Location: as far S and E as I want to go in the U.S.
Distribution: Fossapup64
Posts: 224
Rep:
First rule of corporations is to make money for the stockholders. No incentive exists to make it otherwise.
Governmental regulation of corporations has proven necessary. Too late!
Politicians nowadays don't care, they just want campaign contributions.
Their inaction and the subterfuges of energy corportions to make themselves look "green" would be laughable were it not a life-threatening situation we are now facing.
My grandkids are screwed.
Last edited by TorC; 10-23-2021 at 10:38 AM.
Reason: grammar
The market solves all problems eventually. The trouble is, it takes a long time to do it and we don't have that time.
Yes, companies are belatedly realising that far-flung supply chains make them vulnerable. Covid went a long way to proving that. We had a well-worked-out plan for a global pandemic that included ordering PPE in advance from various other countries and importing it when it was needed; of course when the pandemic struck, the governments of those countries commandeered all their PPE for their own use (as we would surely have done in their position!). I suspect that many nations will now make sure that they produce the most critical products themselves, and that will indirectly save on fuel.
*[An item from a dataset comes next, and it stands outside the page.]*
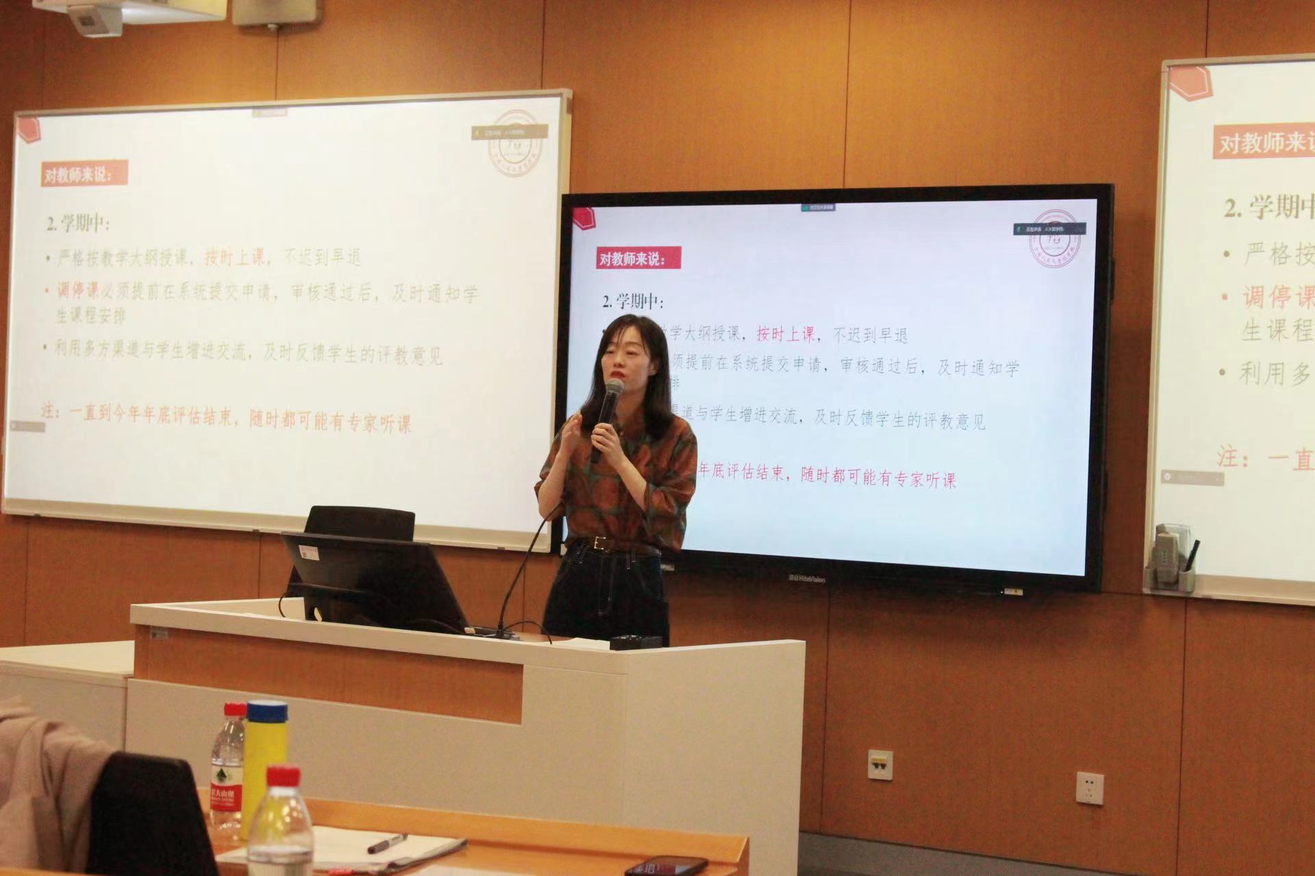 原理副院长向全体师生介绍了学院开展评估工作的重点,提出加强学院本科教育教学工作的着力点。就教师而言,要继续加强对课程设计、教学内容、教学方式、考试测评、论文指导等方面的重视,提高全过程教育教学质量;就学生而言,要认真完成课程修读、实践活动和毕业论文的各项要求。

Also energy companies will increasingly try to disinvest from coal and oil and move to greener energy sources, because wealth that can suddenly be made useless by government decree isn't real wealth. But, as TorC has pointed out, the immediate purpose of a company is to make money and it takes time for changes such as these to become sufficiently threatening to the bottom line to make it worthwhile to spend money on changing the business model.
Of interest in this debate is David Attenborough ‘s 2021 documentary “Breaking Boundaries - the science of our planet” which lays out different boundaries vis a vis global warming, pollution, deforestation, etc. We have overshot but then fixed one, the Ozone. Of the 9 it mentions, you get the scoresheet. You also get news on the tipping points. It’s in association with some Swedish Scientist whose area of expertise this stuff is. Compulsory viewing for all who have read this far
Last edited by business_kid; 10-25-2021 at 11:48 AM.
The bitter irony is that global warming through CO2 emissions was discovered in the 1970's. If the warning had been generally believed at that time, we would have needed only small adjustments to our course to avoid the present crisis. But of course people were only going to believe it when it produced effects too drastic to be explained away by anything else. And now, when it is doing precisely that, it is probably too late to stop the train.
Yep - they looked after the Ozone Layer in the 1980s. And they are not going to solve any problems now at COP26 either. My (very unreliable) prediction is that it's going to end in argument and acrimony. But then you and I have a more reliable prediction at Revelation 11:18.